È diventato il grande imbuto del governo Renzi. Quello che il premier indica come l’appuntamento in cui si risolveranno tutti i problemi e tutti i mali. Si tratta della legge di stabilità. A sentire l’inquilino di Palazzo Chigi la questione dei precari della scuola troverà una soluzione lì. Sempre lì si troveranno anche i soldi per rilanciare le grandi opere e, magari, anche il modo per allargare la platea degli 80 euro, totem per eccellenza del verbo renziano. Il rischio è che la prima legge di stabilità renziana sia scritta secondo i codici democristiani di un tempo, secondo la furbizia del gioco delle tre carte che fu la filosofia del ministro andreottiano per eccellenza, Paolo Cirino Pomicino. Anche lui grande estimatore dell’arte del rinvio. «Renzi discepolo di Pomicino» inorridisce l’azzurro Daniele Capezzone «è un’immagine che si attaglia al momento». Un epilogo che molti danno per scontato. Basta dare un’occhiata allo stato della nostra economia. Delle due l’una: o la legge di stabilità diventa il presupposto di quel lungo elenco di riforme che Renzi finora ha solo enunciato, il che significa un provvedimento severo e impopolare; o si trasforma in un grande minestrone, in cui il prestigiatore di Palazzo Chigi mescola le promesse, i sogni, gli impegni presi in una confusa melassa insapore, che serve solo a confondere ancora gli italiani. Inutile dire che l’ipotesi più probabile sia la seconda.
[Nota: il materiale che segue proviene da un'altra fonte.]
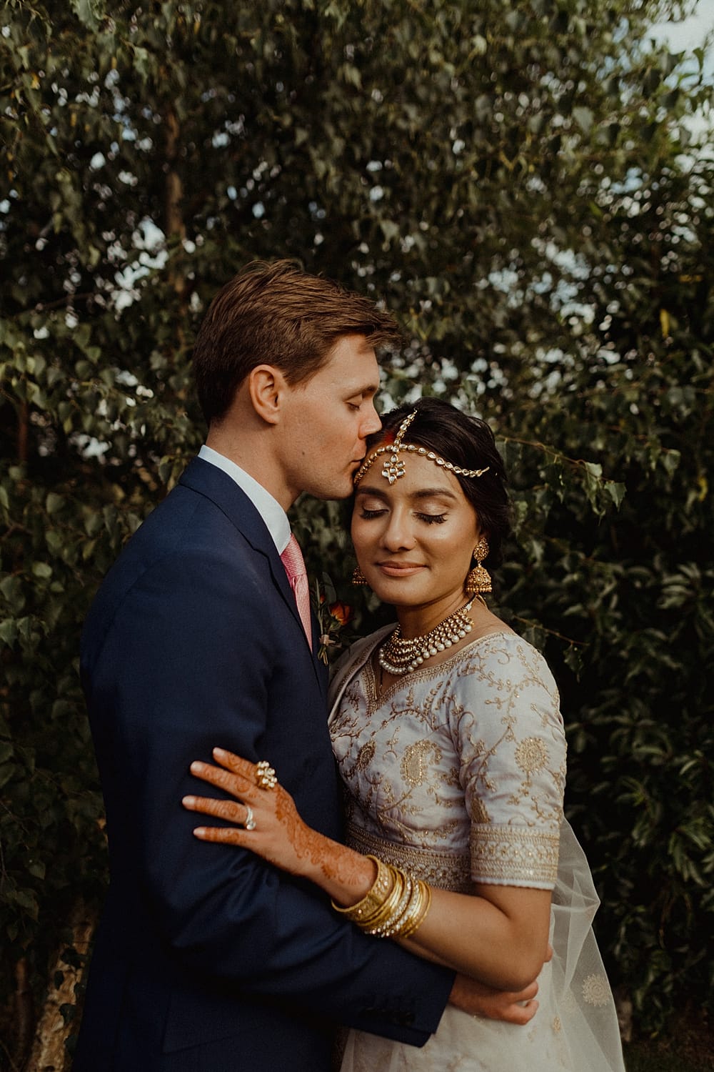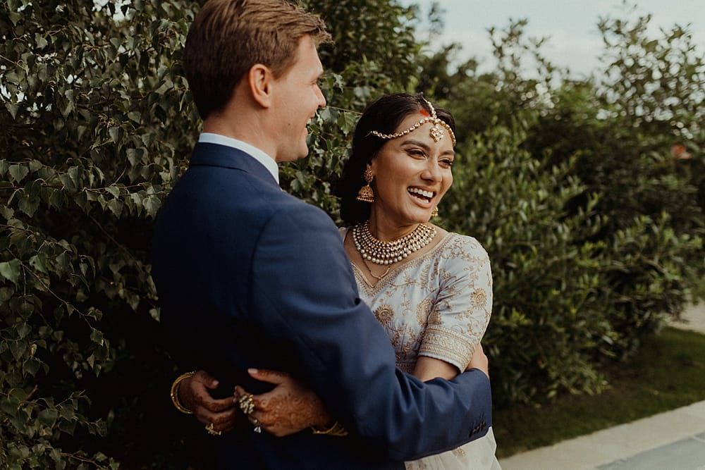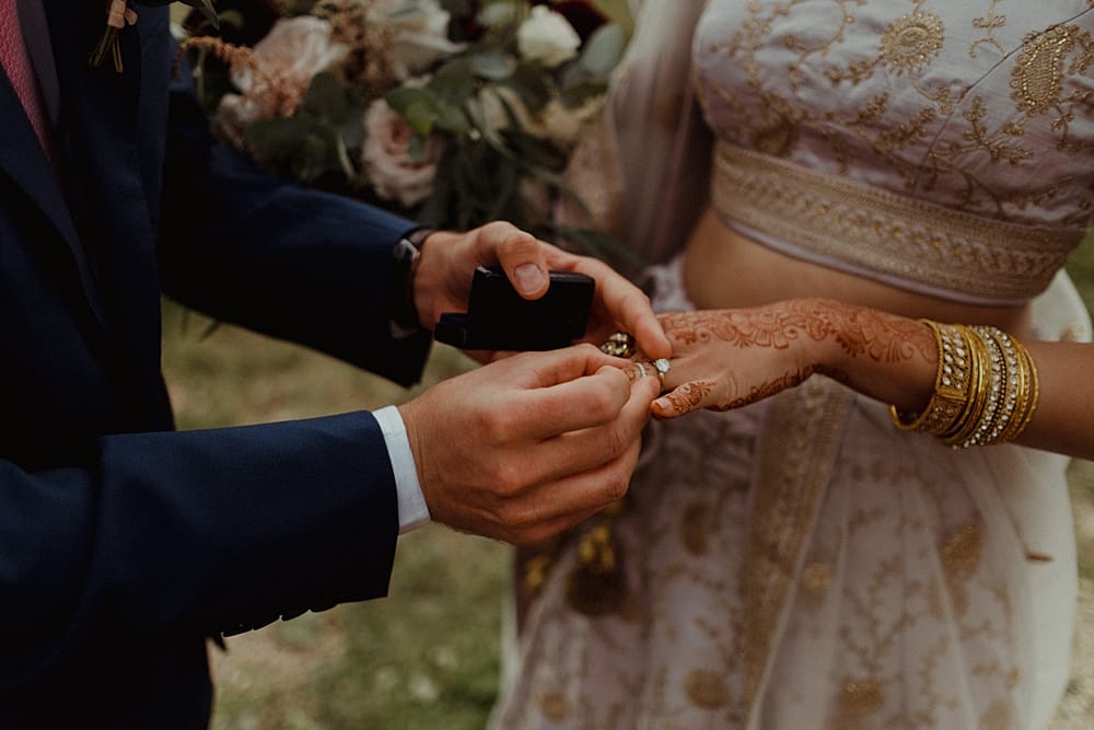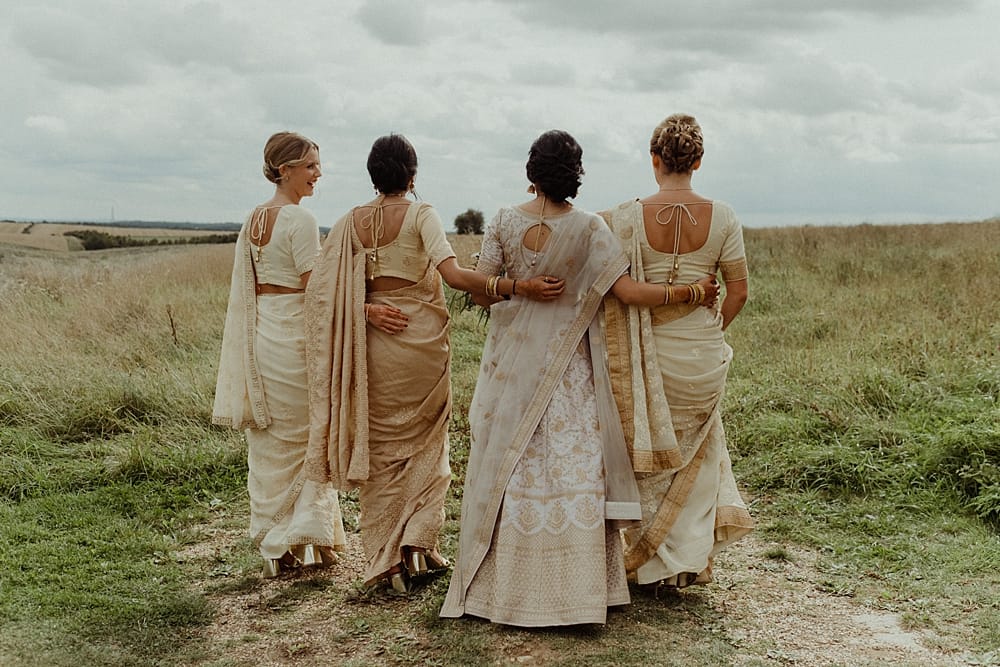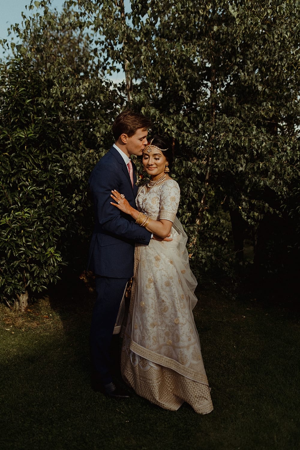 Alongside my parents, Danny and I bravely travelled to New Delhi’s colourful maze of shopping districts and bazaars to buy our traditional Indian wedding attire. I envisioned soft, natural pastel colours for the wedding party, accented with gold embroidery. My bridal lengha was blush rose with gold accents adorned by a gold layered necklace, bangles, jhumka earrings and a tikka headpiece. Katie-Jane Whitlock elegantly styled a loose hair updo that held throughout the long day, and Katy Pheiffer made me feel naturally beautiful and flawless with my makeup. The bridesmaids’ saris were various shades of gold and cream. Danny wore a white and gold sherwani suit for the wedding ceremony and then changed to a navy lounge suit from Kent & Haste for the reception. Beyond the wedding party, the fusion of Indian and British attire of our guests made for a colourful, vibrant and inclusive celebration.

Tutti i protagonisti della politica, estimatori o meno del premier, su un dato si trovano d’accordo: Renzi non persegue una strategia chiara. «O meglio» si infervora Pier Luigi Bersani «non l’ha proprio». «Le sue proposte» ammette Silvio Berlusconi «sono ben al di sotto della tragica crisi che stiamo vivendo». «Invece di elencare una riforma al giorno» dice Sergio Marchionne «basterebbe che si concentrasse solo su tre: lavoro, certezza del diritto, burocrazia». Ma Renzi è nelle condizioni di farlo? Probabilmente no: l’autunno caldo sottoporrà il Pd al richiamo della foresta del sindacato, della piazza. E l’assenza di una strategia economica e di una formula politica definita renderà difficile anche l’aiuto del Cav: se Berlusconi non accetterà di rappresentare una vera alternativa a Renzi, qualcun altro ci proverà visto che l’establishment italiano è affollato di disoccupati di lusso. Corrado Passera docet. E il premier, come reagirà? Rilancerà sul piano dell’immagine, ma nella sostanza rinvierà ancora. In fondo la scuola democristiana è nel suo Dna.